Non-blocking htpdate has an initscript (/etc/init.d/htpdate, that should not
start on its own); its options were moved to /etc/default/htpdate.

The tails-htp-notify-user script is removed: no need for feedback as this is now
non-blocking and does not prevent actual usage. A bit more KISS does not hurt.
parent 30eb7ced
#!/bin/sh
# We don't start Tor automatically so *this* is the time
# when it is supposed to start.
# Run only when the interface is not "lo":
if [ $1 = "lo" ]; then
exit 0
fi
# Run whenever an interface gets "up", not otherwise:
if [ $2 != "up" ]; then
exit 0
fi
# Workaround https://trac.torproject.org/projects/tor/ticket/2355
if grep -qw bridge /proc/cmdline; then
rm -f /var/lib/tor/*
fi
# A SIGHUP should be enough but there's a bug in Tor.
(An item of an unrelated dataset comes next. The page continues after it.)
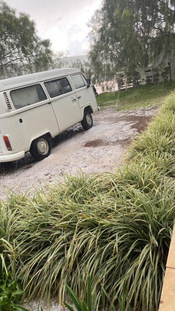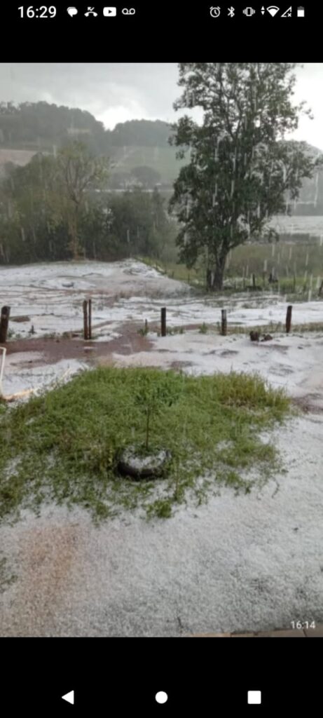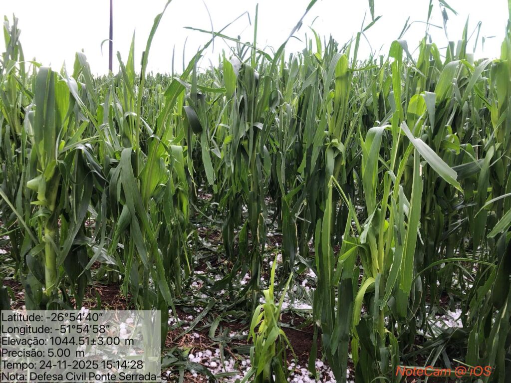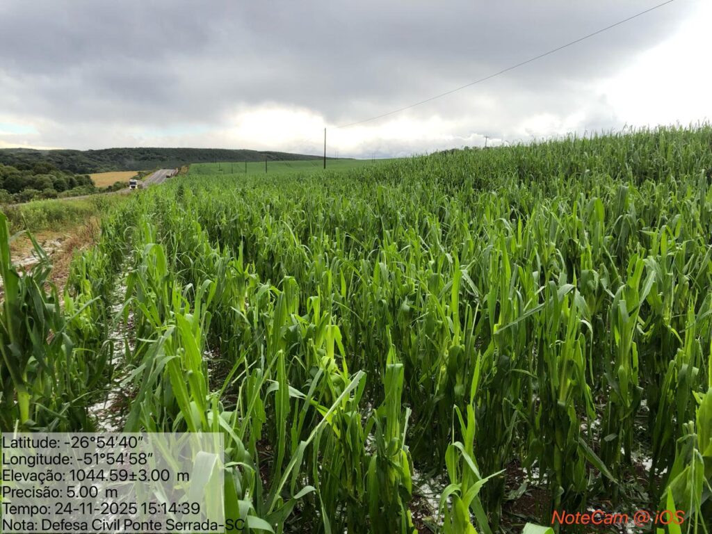Em Ponte Serrada, porém, houve registro de perda localizada em áreas de plantação de milho na região interiorana, afetadas pelo impacto do granizo.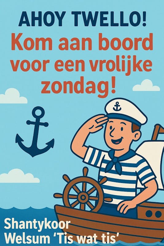 Zet je scheepspet op en smeer de kelen, want op zondag 23 november meert Shantykoor Welsum ‘Tis wat tis’ aan bij Trefpunt Duistervoorde! Twintig enthousiaste Welsummers – mannen én vrouwen – zingen de sterren van de hemel met vrolijke zeemansliederen en andere bekende meezingers. Het repertoire is Engels en Nederlandstalig

Details:
# * https://trac.torproject.org/projects/tor/ticket/1247
# * https://tails.boum.org/bugs/tor_vs_networkmanager/
service tor restart
#!/bin/sh
# Rationale: Tor needs a somewhat accurate clock to work.
# If the clock is wrong enough to prevent it from opening circuits,
# we set the time to the middle of the valid time interval found
# in the Tor consensus, and we restart it.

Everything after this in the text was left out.